Viet Anh Nguyen wins the 2018 George Nicholson Award

© 2018 EPFL

© 2018 EPFL

Viet Anh Nguyen, PhD student at the Risk Analytics and Optimization Chair, received the 2018 George Nicholson Student Paper award at the INFORMS annual meeting in Phoenix.

The George Nicholson Student Paper Competition, arguably the most prestigious student award in the operations research community, is held each year since 1975 to honor outstanding student papers in the field of operations research and the management sciences. Viet Anh is the first winner from a European university. He received the Nicholson Award for his paper “Distributionally Robust Inverse Covariance Estimation: The Wasserstein Shrinkage Estimator.” The paper proposes a principled approach for estimating the precision matrix (i.e., the inverse covariance matrix) of a Gaussian random vector from independent samples by leveraging ideas from modern distributionally robust optimization. The idea is to solve a worst-case maximum likelihood estimation problem, where the worst case is evaluated across all Gaussian distributions within a prescribed Wasserstein distance from a Gaussian reference distribution characterized by the sample mean and the sample covariance matrix. The precision matrix is a key ingredient, for instance, for the optimal classification rule in linear discriminant analysis, the optimal investment portfolio in Markowitz’ celebrated mean-variance model or the optimal array vector of the beamforming problem in signal processing.

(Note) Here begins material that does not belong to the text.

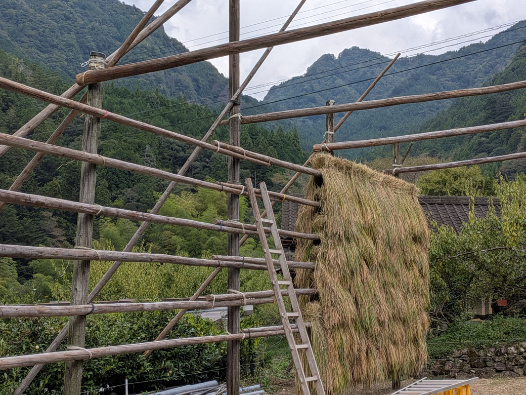 六段のはざかけを奥三河で見つけた。約2週間 逆さにすることで藁の栄養を籾へ落とし 天日で乾燥すると甘味が増える、更に昔は藁から外した籾付きのお米を庭先に広げたむしろの上で更に2週間干すと熟成されて旨味が増す。いつかそこまでやってみたいと思うのは、素人の考え。昔の人は美味しい物を食べる為に手間暇かけて凄いな。

Moreover, the optimal fingerprint method used to detect a multivariate climate change signal blurred by weather noise requires knowledge of the climate vector’s precision matrix. Viet Anh showed that his new estimator has many desirable theoretical properties and displays a similar performance as the graphical lasso approach (which requires solving a large semidefinite program) at the computational cost of a naive linear shrinkage estimator (which requires merely a spectral decomposition).